━━ AVAILABLE RECORDS ━━

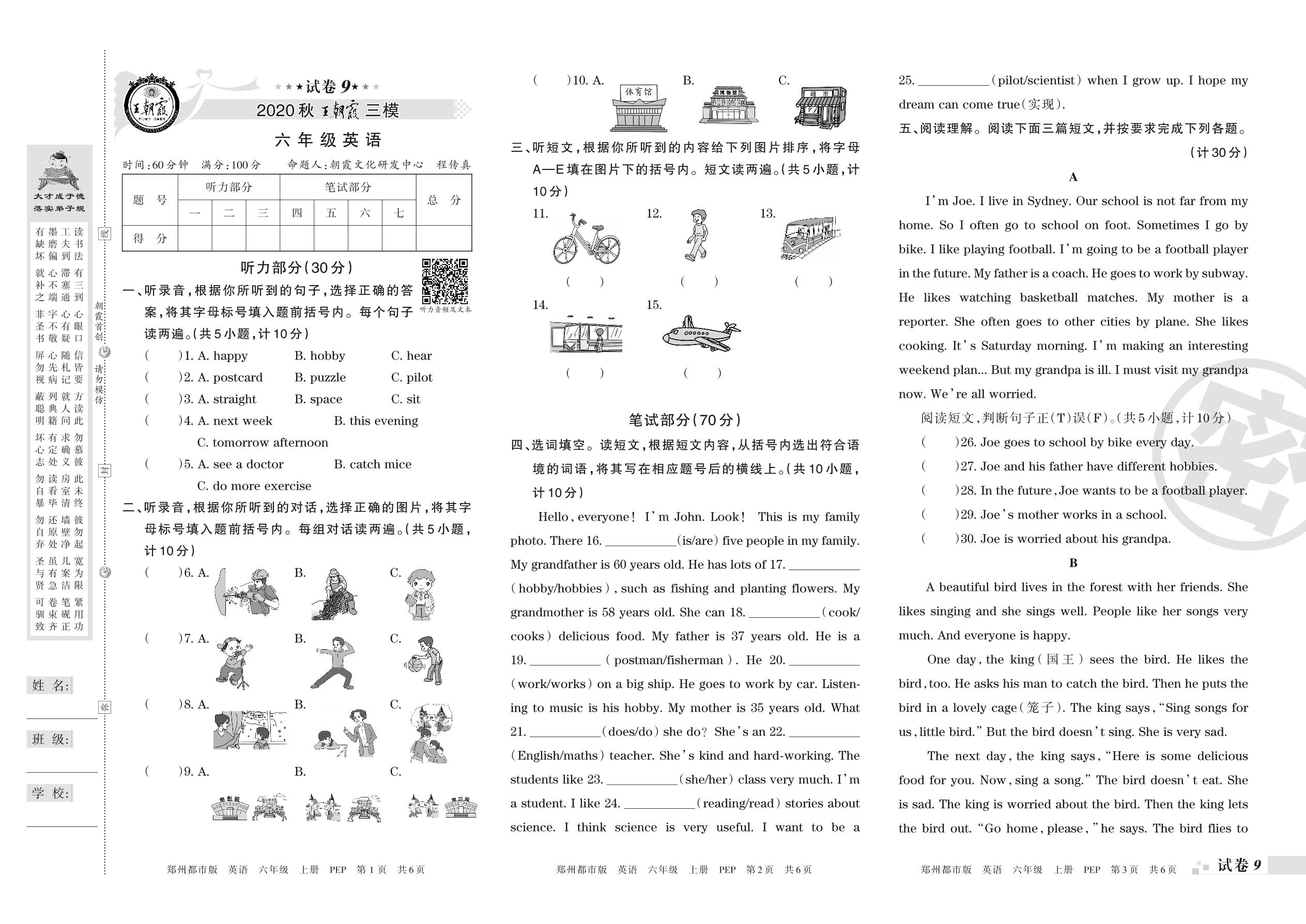 王朝霞期末模拟卷六年级上册英语(PEP版)_R210807162016【9】
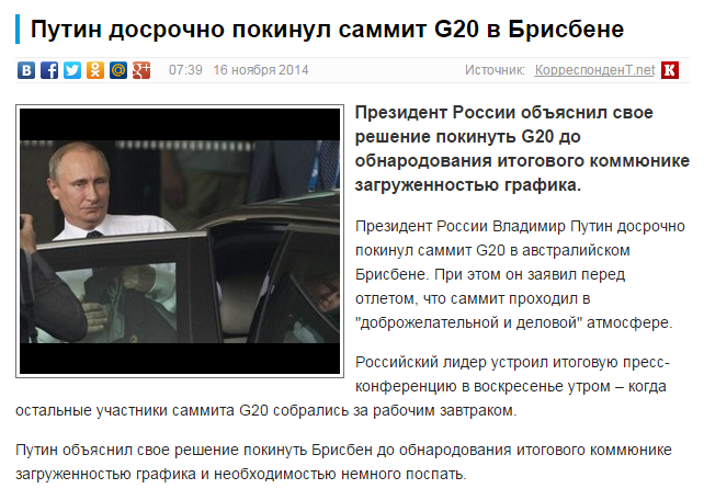 На пресс-конференции Владимир Путин объяснил свое решение покинуть Брисбен до обнародования итогового коммюнике загруженностью графика и необходимостью немного поспать.
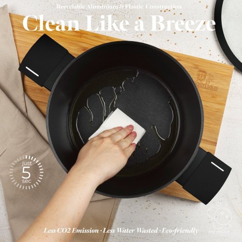- Ekologicky šetrné: Bez PFOA, olova a kadmia.
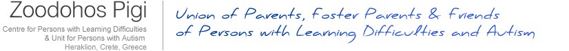 In 1988, parents from the community of Heraklion, Crete found the "Union Of Parents, Foster Parents and Friends of Persons with Learning Difficulties". In 1991, the Union begin to operate the "Centre For Persons With Learning Difficulties - Zoodohos Pigi" in a 300 sq.m. building, rendered by the Greek Telecom, in Nea Alikarnassos, Heraklion.
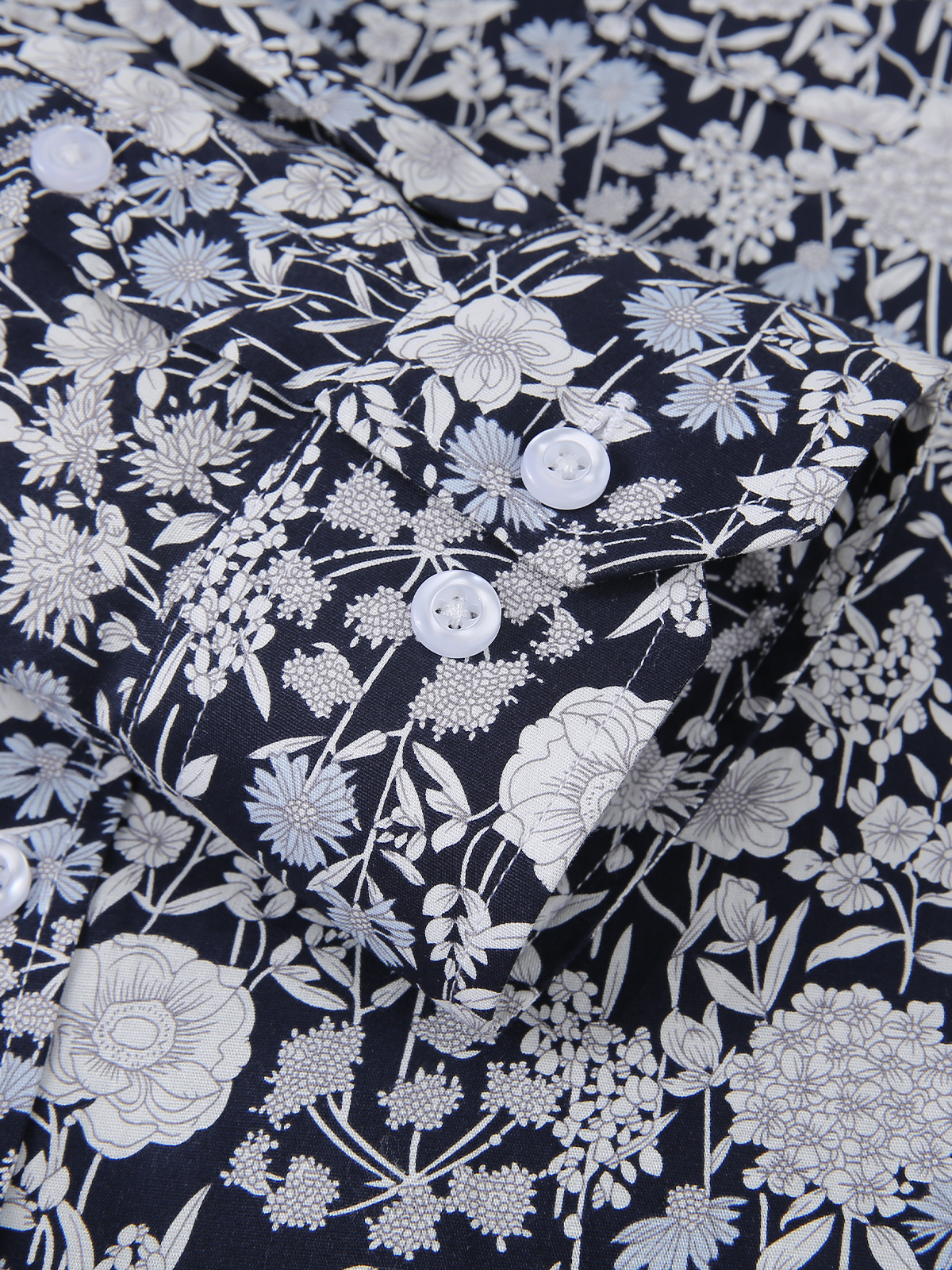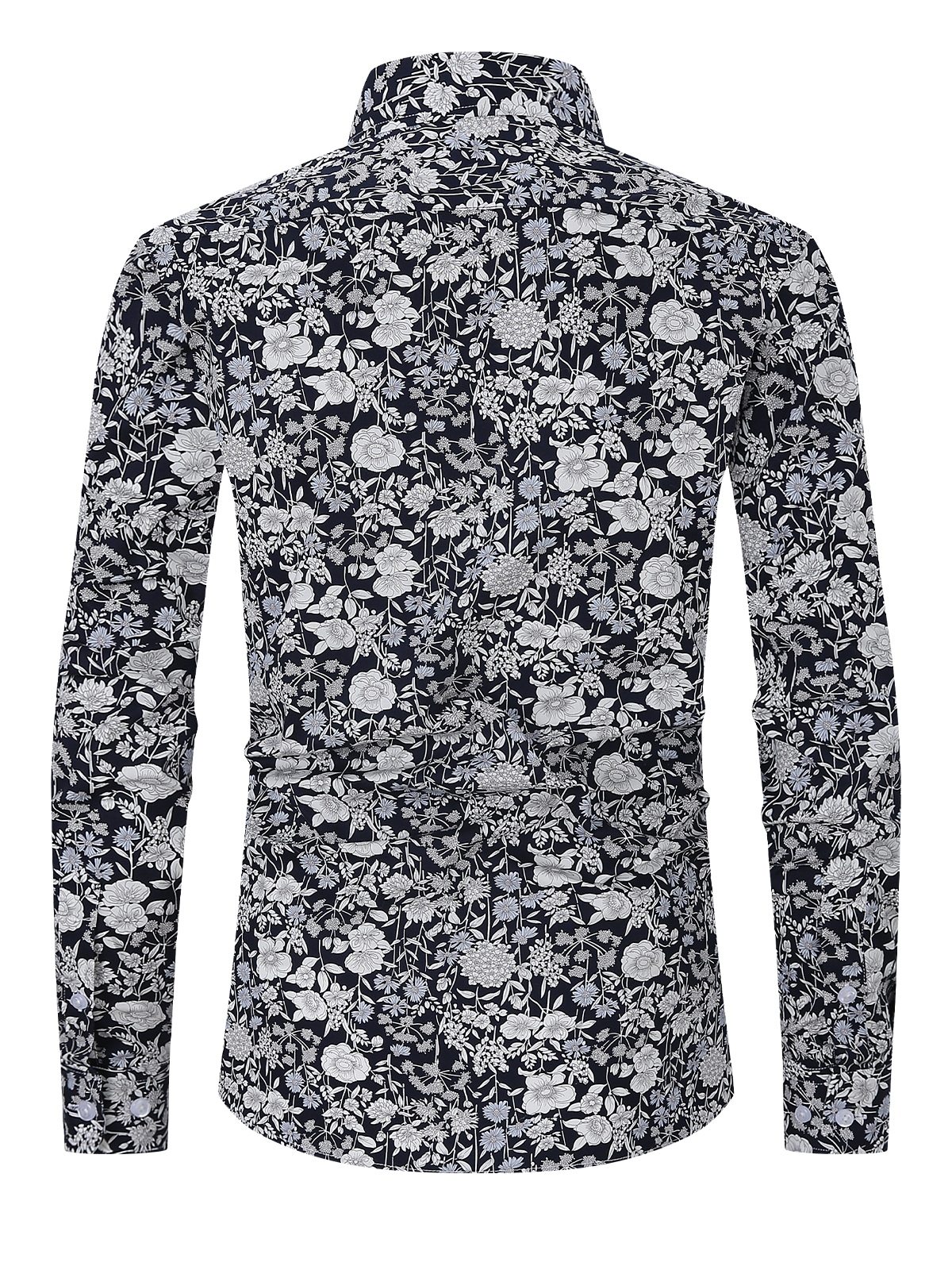 Men's Navy Blue Vintage Floral Cotton Breathable Flower Button Long Sleeve Dress Shirt

━━━

EXERCISE INSTRUCTIONS = Would you write out each record above exactly, with no images?

EXERCISE RESULT =
 王朝霞期末模拟卷六年级上册英语(PEP版)_R210807162016【9】
 На пресс-конференции Владимир Путин объяснил свое решение покинуть Брисбен до обнародования итогового коммюнике загруженностью графика и необходимостью немного поспать.
- Ekologicky šetrné: Bez PFOA, olova a kadmia.
 In 1988, parents from the community of Heraklion, Crete found the "Union Of Parents, Foster Parents and Friends of Persons with Learning Difficulties". In 1991, the Union begin to operate the "Centre For Persons With Learning Difficulties - Zoodohos Pigi" in a 300 sq.m. building, rendered by the Greek Telecom, in Nea Alikarnassos, Heraklion.
 Men's Navy Blue Vintage Floral Cotton Breathable Flower Button Long Sleeve Dress Shirt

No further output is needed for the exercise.